A reasonably current social psychology textbook which deals rather well, in my view, is Aronson, et al.

Why do I bother putting this on the Archive? Because the way people make decisions about castration is of really serious life-and-death choice, and choices do not, methinks, ever get more important than when they are of life-and-death choices.

Re: What an opera! The Concordia. Too bad it was real.

Posted: Fri Jan 27, 2012 7:16 pm
by devi (imported)
Most of time at least here in the States, managers and supervizors (and captains) come from the upper privileged class that we don't talk about. They're around for a year or so learning how things done and are unnecessary but then they disappear on their own for their own persuit up the career ladder, --a ladder most of us generally have no access to. The job and title was given to them by their status and from their family clout and not by their working knowledge or experience. But I suppose once in a while that that cushy job which the parents had sought out for them doesn't turn out to be so cushy afterall. So here you have a Coast Guard patrol being of military background and training completely incredulous at the lack of protocol in the disboarding this ship. My uncle was in the navy in ww2 so I asked him which ship he was in. Wrong question. He told me how several times they'd have to abandon ship when the ships would be hopelessly bombed and were no longer seaworthy. They had a fairly orderly way of evacuuating ships without much loss of life. So I think that something was really wrong at how the Costa Concordia was evacuuated. And I think that the Coast Guard knew that and was perplexed by it all.

Re: What an opera! The Concordia. Too bad it was real.
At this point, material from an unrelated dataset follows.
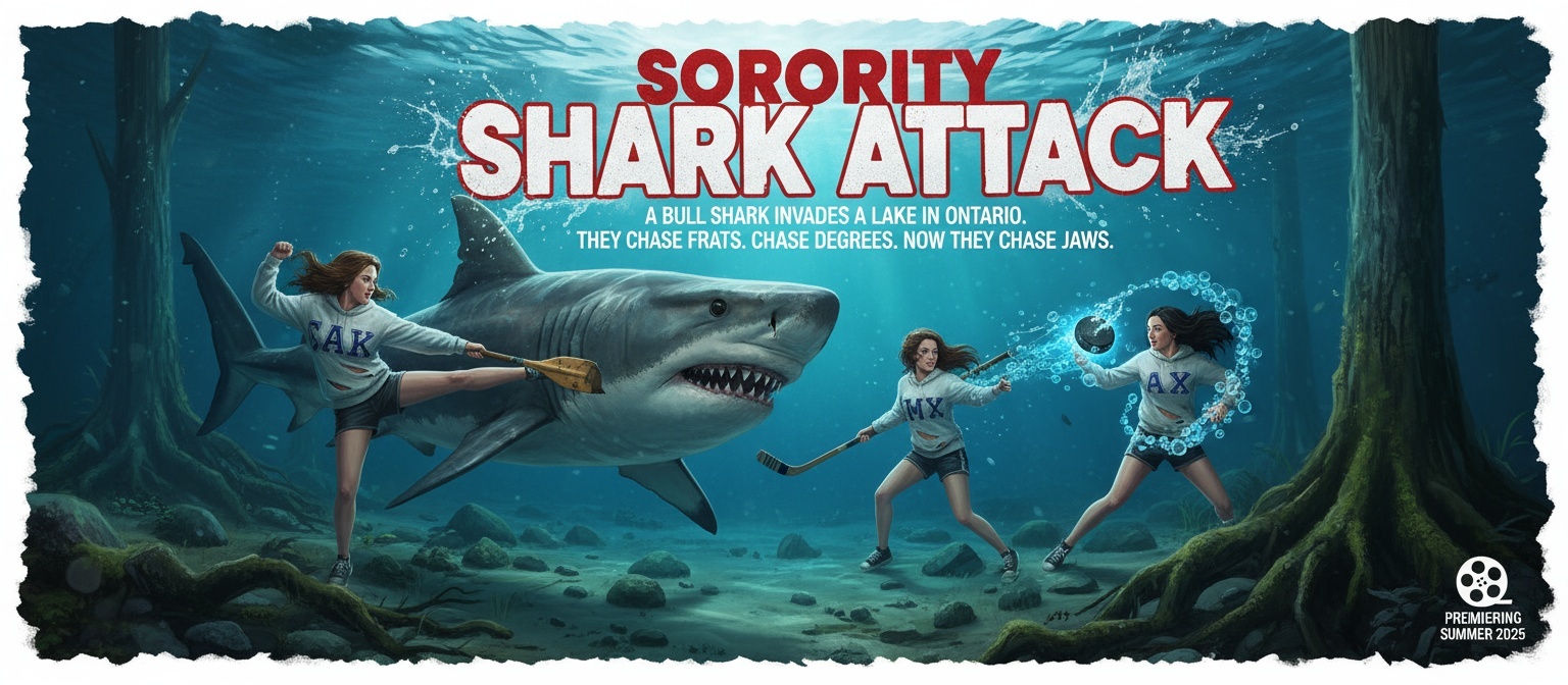 Story Three sorority sisters head to a lakeside cabin where unsettling ripples, a gruesome death, and a lock-side fin reveal a bull shark prowling an Ontario waterway. As a principled Police constable battles a grandstanding mayor to close the lake, Chloe discovers a notebook tying the predator to covert experiments. When friends are stranded on a nearby island and public attacks escalate, the group aligns with a weary medical examiner and Chloe’s professor father to devise a high-risk countermeasure. A sardonic young WaveRunner rider and small-town allies join the effort, culminating in a desperate chase that tests leadership, loyalty, and nerve, while hinting the threat may not be contained.

Posted: Fri Jan 27, 2012 8:55 pm
by speedvogel (imported)
Officers for Merchant Marine ships, as opposed to Naval ships, come from a number of maritime academies. In the U. S. that would be mainly the U. S. Maritime Academy at Kings Point, NY and a number of smaller places such as the Great Lakes Maritime Academy at Traverse City, MI. The vast majority of students come from working class families and enter service on a merchant ship as a third officer.

They must pass rigorous testing to get the higher licenses, until after about 20 years of service, they can get their Captain's papers. These men and women are well paid and receive many perks that the old-timers could only dream about.

This scenario is true for almost all foreign fleets too. Although some flag of convenience operators employ anyone who claims to be able to read a compass as ship's officers. Italian officers has a long standing reputation as being among the elite.